There is no debate whether radiation kills; maims; causes mutations;
is cumulative; causes leukemia (mainly in children), cancers, respiratory
illnesses and attacks the immune system (with children, pregnant women and
the elderly the most vulnerable). The only disagreement is about what is
considered an allowable dose. There is no such thing as a 'safe' dose of
radiation. The only people who say that radiation is safe are those who make
money from radioactive processes, and cannot be trusted, as they have proven
so far, here and overseas.
Earthlife Africa is alarmed at the potential for dangerous nuclear
accidents should Eskom continue with its plans for the Pebble Bed Nuclear
Reactor (PBMR) Programme. The fuel for the new PBMR is a graphite wrapped
pebble, the size of a tennis ball, containing enriched uranium kernels. The
plant to manufacture these fuel balls will be built at Pelindaba near to
Tshwane/Pretoria, but the raw material - enriched uranium - will need be
imported via a harbour in KZN, probably Durban.
Eskom officials plan to build approximately 216 Pebble Bed Modular
Nuclear Reactors (PBMRs). Of these, 24 reactors are earmarked for local
energy generation, and Eskom hope to sell the remainder on the international
market. This means that in addition to transporting enriched uranium, the
manufactured fuel pebbles will need to be transported from Pelindaba to
various locations as far as Cape Town, as well as to Durban for export.
A dangerous feature of the present nuclear policy is its treatment of waste.
A metal smelter melts metal into blocks, called ingots. That in itself is
not usually a problem, but at Pelindaba, NECSA want to build one for melting
radioactive waste that has piled up over many years. They say they need to
melt the metal to stop people getting hold of the technology that makes
nuclear weapons. However, internationally, the waste is treated by cutting
it into small pieces (which has to be done for melting anyway); crushing it,
so that it cannot be used again; and covering it with ceramics (clay) so
that it is in a hard covering, which will also not allow people to recover
the metal pieces to use as weapons.
All radioactive waste should be stored above the ground, so that it
can be monitored, especially so that the radiation can be measured, to see
if there are any leaks which can then be fixed quickly. The melted metal
from Pelindaba, which will still contain radiation, will be sold as scrap,
releasing the danger to the public, so that our spoons or toasters can be
made from it, bringing the danger to our homes.

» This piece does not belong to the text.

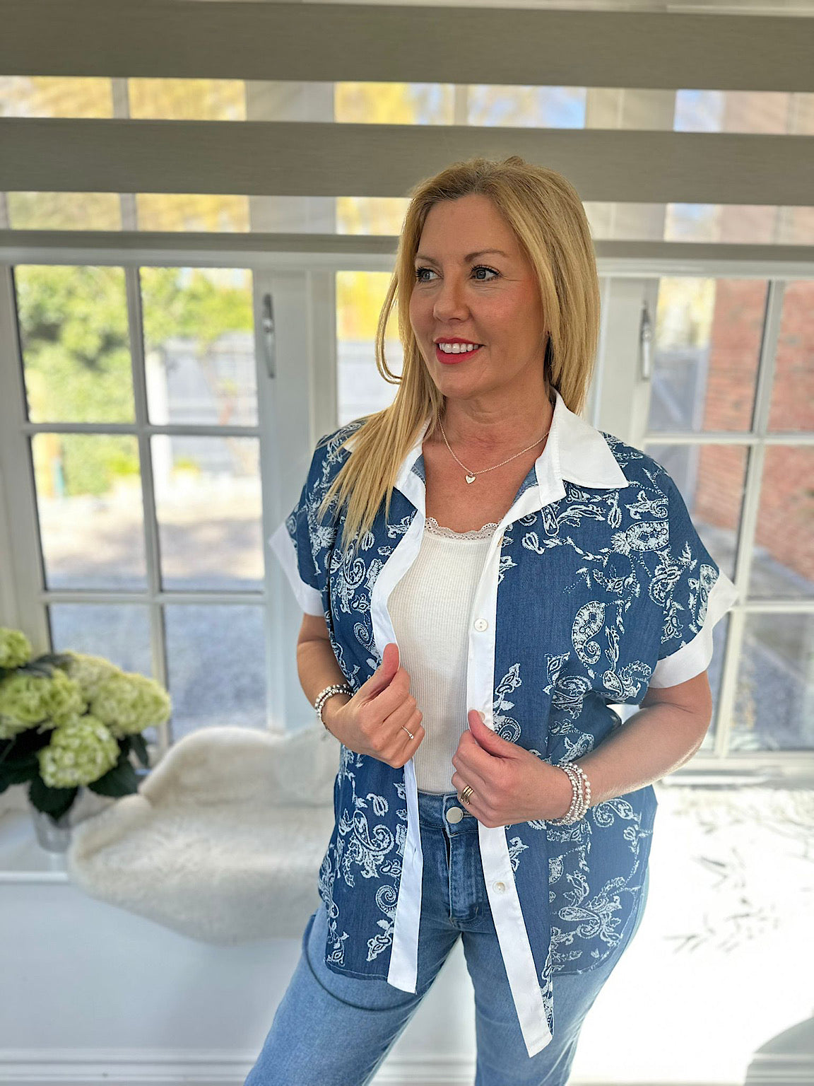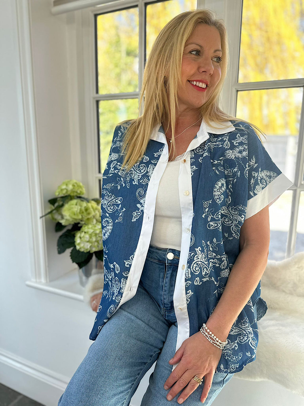 The Leonora Denim Paisley Print Shirt combines timeless style with everyday comfort. This versatile piece features an eye-catching paisley print on classic denim. It offers a relaxed, inclusive fit perfect for various body types. The breathable cotton fabric makes it ideal for layering or wearing solo across seasons. A wardrobe essential that effortlessly transitions from casual weekends to smart-casual occasions.

If we allow the smelter to go ahead, it will be very dangerous for
the workers, as they will be working in a room with no special filters; even
the special filters on the smelter will let radiation escape. Over 5 kilos
of radioactive dust will escape every year, and be spread by wind year after
year, increasing the harm it can do to all life in the area. In the USA it
is normal for the radius around which such a smelter has an impact as 160
kilometers. In South Africa, people live next door to Pelindaba.
NECSA have also said that they want to 'commercialise' the smelter
when they have finished melting the waste at Pelindaba. This means that our
energy minister and the energy minister of another country can agree to
allow radioactive waste to be imported to South Africa, to be melted here,
releasing more radiation around us, and selling that scrap metal again.
Already, radioactive scrap is being dumped in Somalia, Ertitrea, Sudan and
Mozambique - we cannot be next.
Nuclear fuel in motion
At the height of proposed PBMR production, nine trucks would drive through
Durban every week carrying enriched uranium to Pelindaba and another 31
trucks would return carrying fuel pebbles for export. A total of 231 012 000
kilograms of radioactive materials would be travelling on our roads during
the 40 year lifetime of the reactors - an average of 9 trucks a day. (These
figures are based on information provided by Eskom in their EIA process.)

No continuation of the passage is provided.